Calculating the Log Sum of Exponentials

November 21, 2008

The so-called “log sum of exponentials” is a functional form commonly encountered in dynamic discrete choice models in economics. It arises when the choice-specific error terms have a type 1 extreme value distribution–a very common assumption. In these problems there is typically a vector $v$ of length $J$ which represents the non-stochastic payoff associated with each of $J$ choices. In addition to $v_{j}$ , the payoff associated with choice $j$ has a random component $ε_{j}$ . If these components are independent and identically distributed across $j$ and follow the type 1 extreme value distribution, then the expected payoff from choosing optimally is $𝔼 [\max {v_{1} + ε_{1}, \dots, v_{J} + ε_{J}}] = \ln [\exp (v_{1}) + \dots + \exp (v_{J})] .$ We need to numerically evaluate the expression on the right hand side for many different vectors $v$ .

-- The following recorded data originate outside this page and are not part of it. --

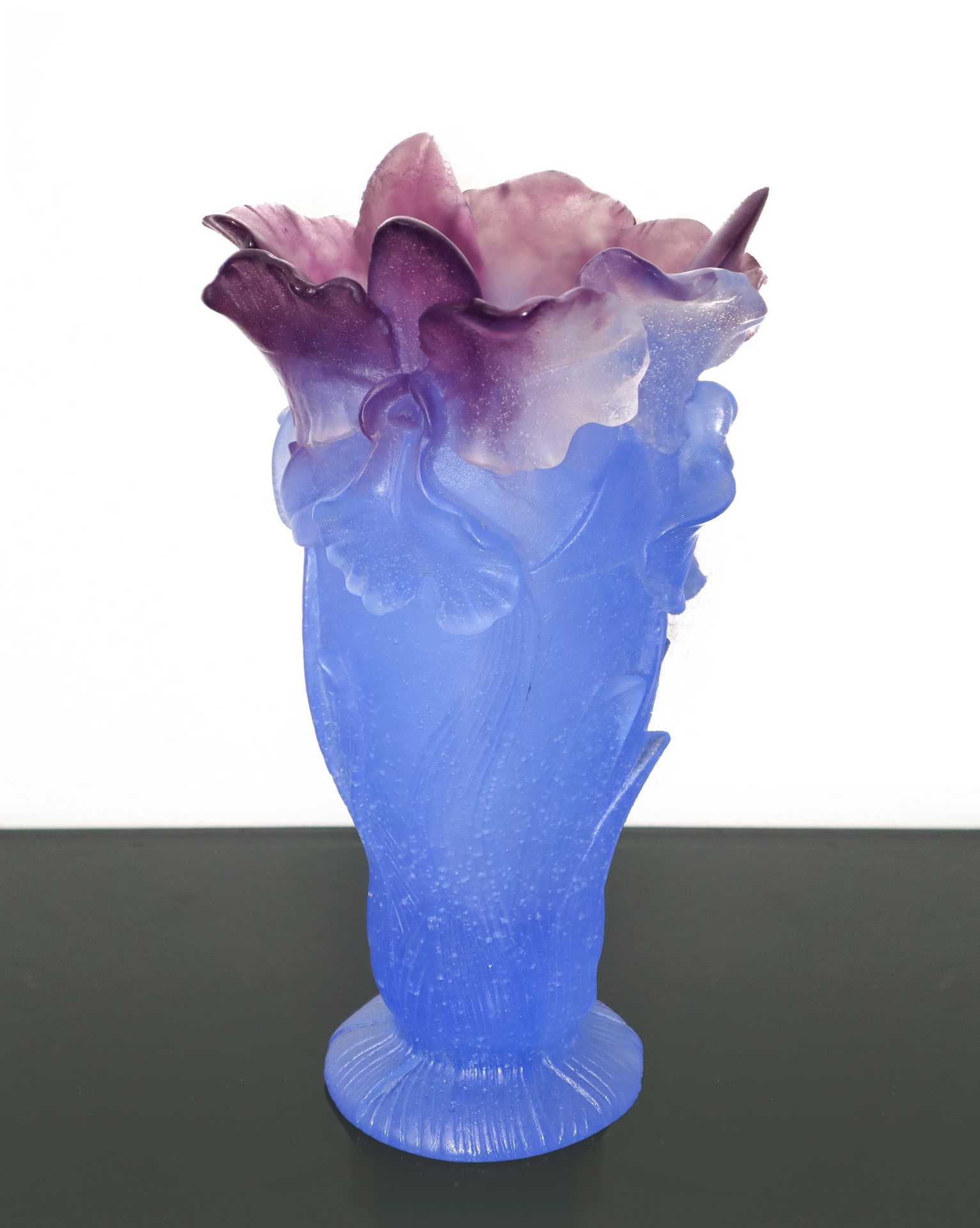 Daum France - Vaso e piccolo piatto in cristallo Daum mod. Orchidea, 20th secolo
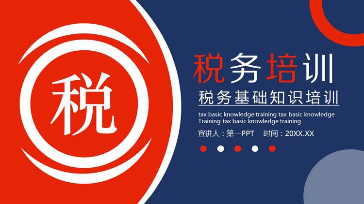 PPT模板封面使用了红蓝拼色背景。右侧填写税务基础知识培训PPT标题。
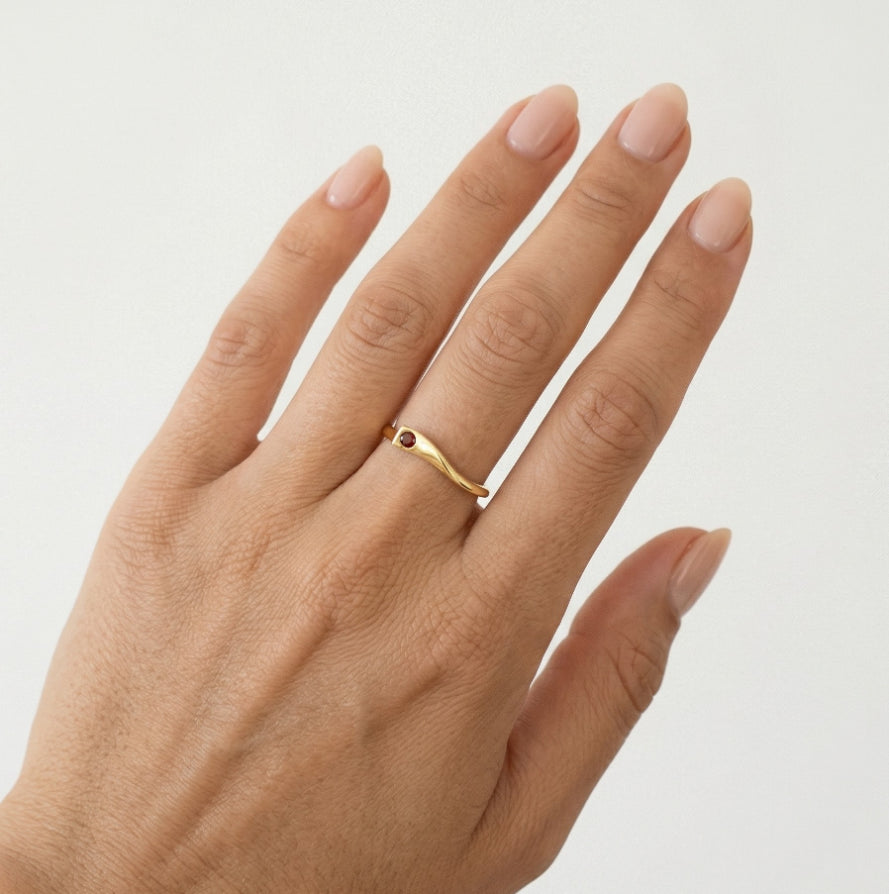 This elegant 14kt yellow gold ring showcases a stunning round fine step-cut garnet, set in a secure bezel setting. The intricate simple and stylish design look gives it a unique, handcrafted appeal, perfect for those who love modern jewelry.
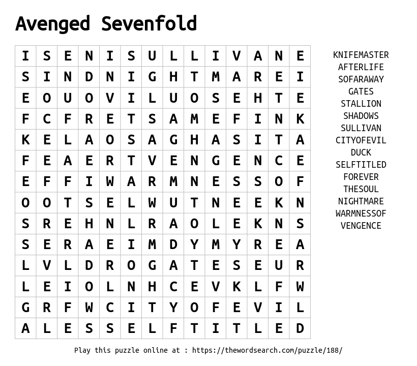 Avenged Sevenfold Printable Word Search
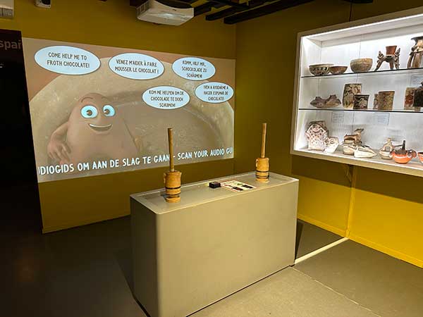 La visita, adatta ai bambini, è impostata sulla storia e i viaggi del cioccolato. Il museo ricostruisce la diffusione del cioccolato nel tempo e nello spazio, dalle Americhe all’Europa.  I racconti e i pannelli illustrativi son interessantissimi, una dolce lezione di storia, ovviamente per apprezzarli il bambino deve saper leggere fluentemente. Ma anche se non sa leggere c’è l’audioguida in italiano: una barretta di cioccolata che si deve poggiare  su ogni postazione per ascoltare la storia. E questo aiuta tantissimo anche i piccolini…. qui tutto presentato come un gioco.
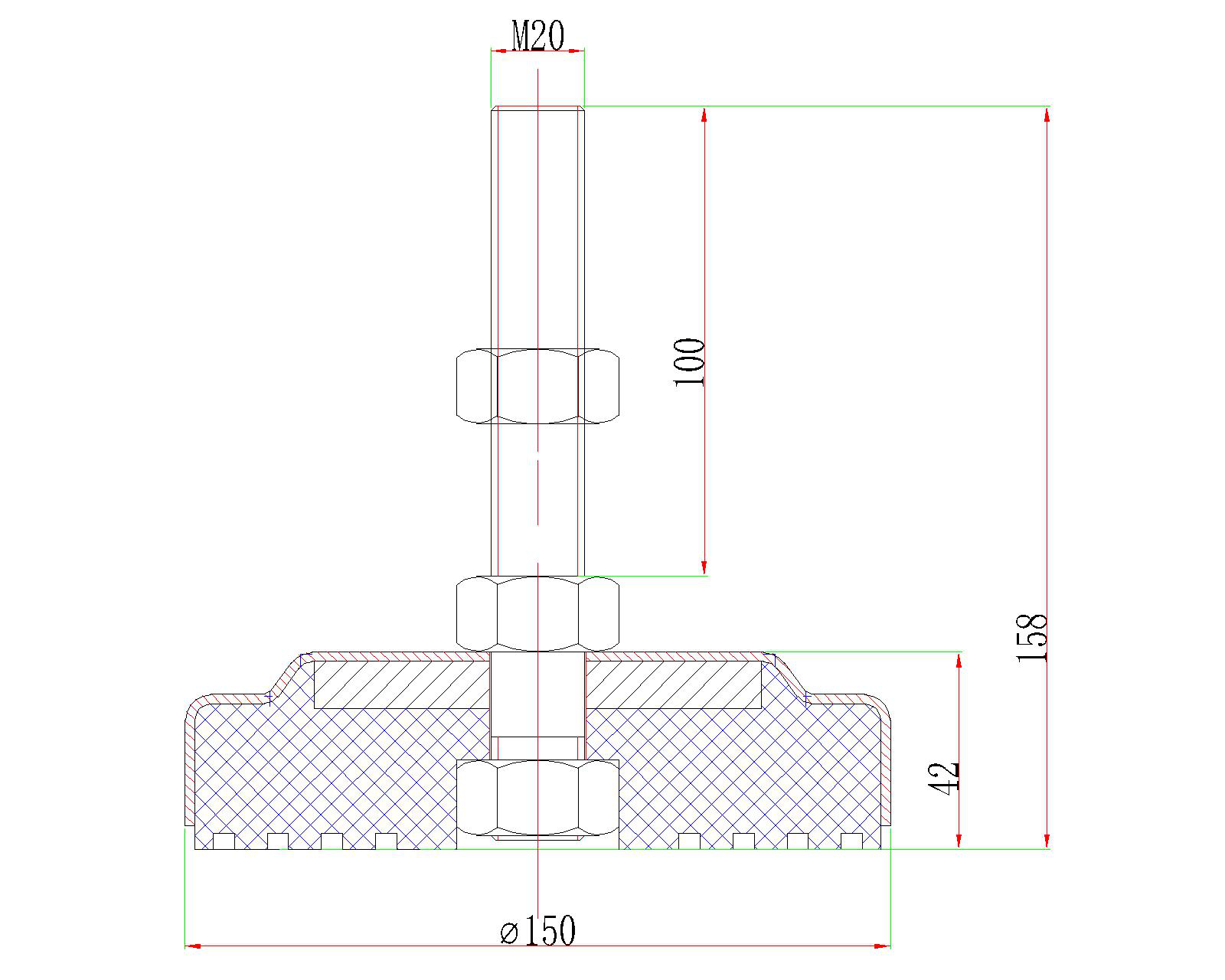 831 | D180固定底腳帶橡膠底盤 M20*100 | 不銹鋼+橡膠 | 2.17 |
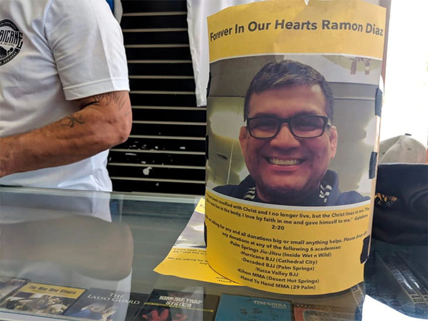 После вечерней тренировки в академии Palm Springs Jiu-Jitsu Диас не стал снимать ги (кимоно для джиу-джитсу – Sports.ru) и пошел домой, оставив повседневную одежду в сумке. Соседи Диаса услышали выстрел в 21:30 и немедленно вызвали полицию.
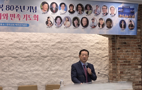 그러면서 "오늘 한국은 자유민주주의와 신앙을 버리고, 사회주의와 인본주의, 물질만능주의를 좇는 유혹에 빠져 있다. 8.15의 은혜를 기억한다면 오직 하나님 편에 서야 한다"며 "교회가 하나님과 세상을 동시에 붙들려는 머뭇거림에서 벗어나야 한다"고 강조했다. 덧붙여 "한국교회가 다시 무릎 꿇고 회개하며, 다음 세대와 나라를 위해 부르짖을 때 하나님은 다시 응답을 주실 것"이라고 말했다.
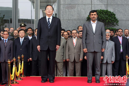 6月11日,伊朗总统艾哈迈迪·内贾德在上海世博园出席伊朗国家馆日活动。图为内贾德与中共上海市委书记俞正声(左)出席伊朗国家馆日升旗仪式。中新社发 汤彦俊 摄
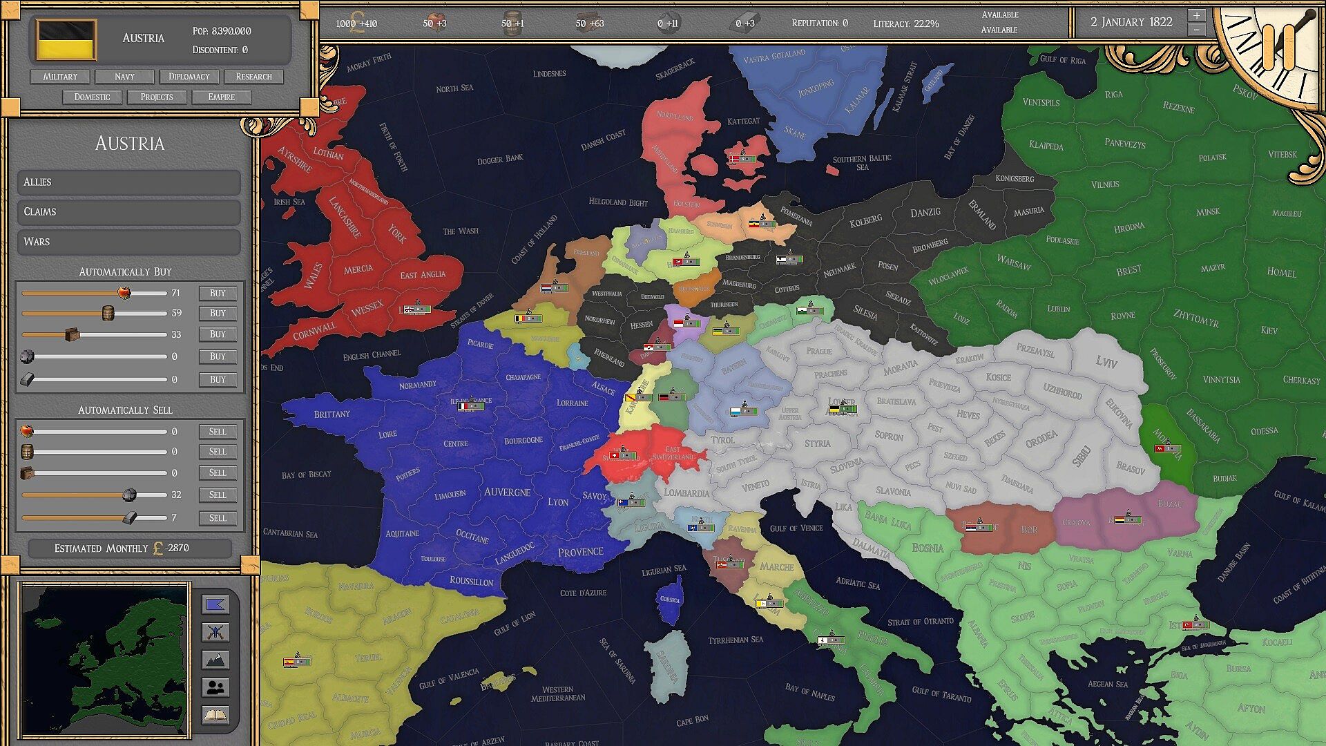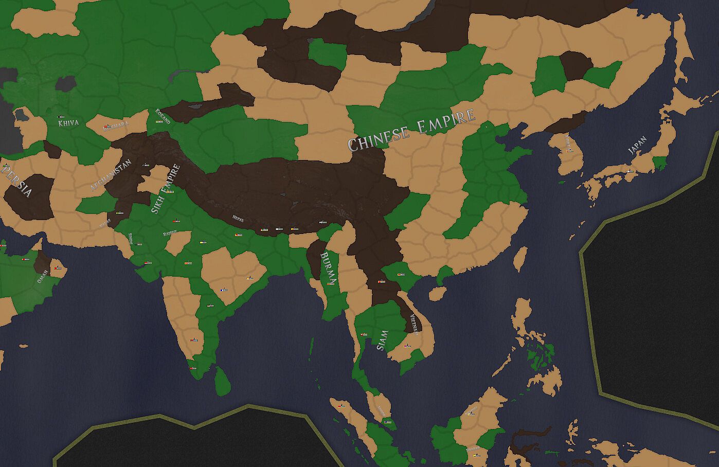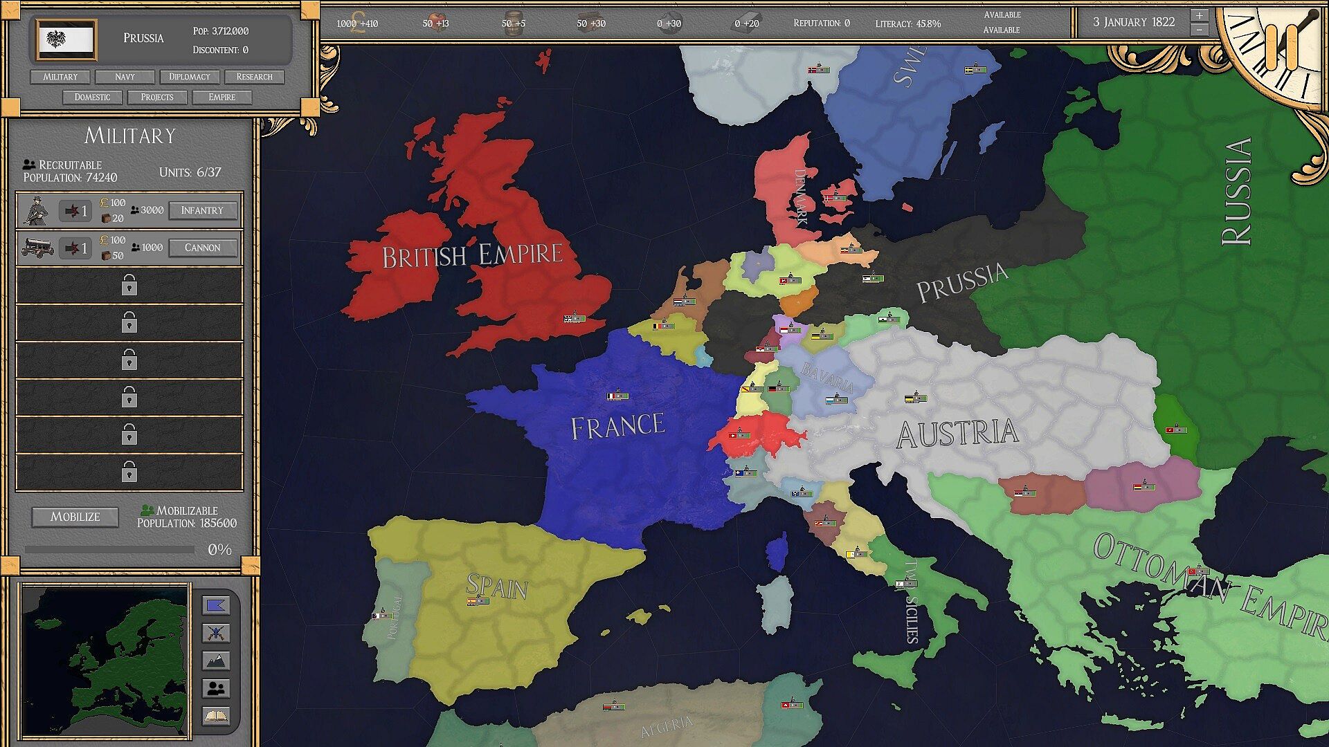Play as one of 100 countries spanning 1306 provinces, each with unique starting situations from population and economics to diplomatic relations. You will need to forge alliances, build your army, and stabilize your country in order to overcome other adversaries.
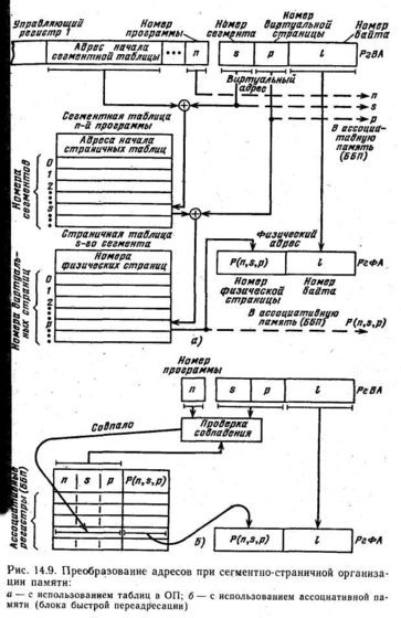Преобразование адресов всегда начинается с просмотра ассоциативной памяти (ББП), и если оказывается, что в одной из ее строк (ассоциативном регистре) хранится информация о странице, к которой должно произойти обращение, то из этой строки непосредственно выбирается номер физической страницы и дополнительные обращения к ОП (к сегментной и страничной таблицам) не производятся (рис. 14.9,6).

Special care is required to calculate this expression in compiled languages such as Fortran or C to avoid numerical problems. The function needs to work for $v$ with very large and very small components. A large $v_{j}$ can cause overflow due to the exponentiation. Similarly, when the $v_{j}$ are large (in absolute value) and negative, the exponential terms vanish. Taking the logarithm of a very small number can result in underflow.

A simple transformation can avoid both of these problems. Consider the case where $v = (a, b)$ . Note that we can write $\exp (a) + \exp (b) = [\exp (a - c) + \exp (b - c)] \exp (c)$ for any $c$ . Furthermore, we have $\ln [(\exp (a - c) + \exp (b - c)) \exp (c)] = \ln [\exp (a - c) + \exp (b - c)] + c .$ We can choose $c$ in a way that reduces the possibility of overflow. Underflow is also possible when taking the logarithm of a number close to zero, since $\ln (x) \to - ∞$ as $x \to 0$ . Thus, we also need to account for large negative elements of $v$ .

The following code is a Fortran implementation of a function which makes the adjustments described above. In order to prevent numerical overflow, the function shifts the vector v by a constant c, applies exp and log, and then adjusts the result to account for the shift.

function log_sum_exp(v) result(e)
  real, dimension(:), intent(in) :: v   ! Input vector
  real                           :: e   ! Result is log(sum(exp(v)))
  real                           :: c   ! Shift constant

  ! Choose c to be the element of v that is largest in absolute value.
  if ( maxval(abs(v)) > maxval(v) ) then
     c = minval(v)
  else
     c = maxval(v)
  end if

  e = log(sum(exp(v-c))) + c
end function log_sum_exp

Note that this function is still not completely robust to very poorly scaled vectors v and so over- or underflow is still possible (just much less likely).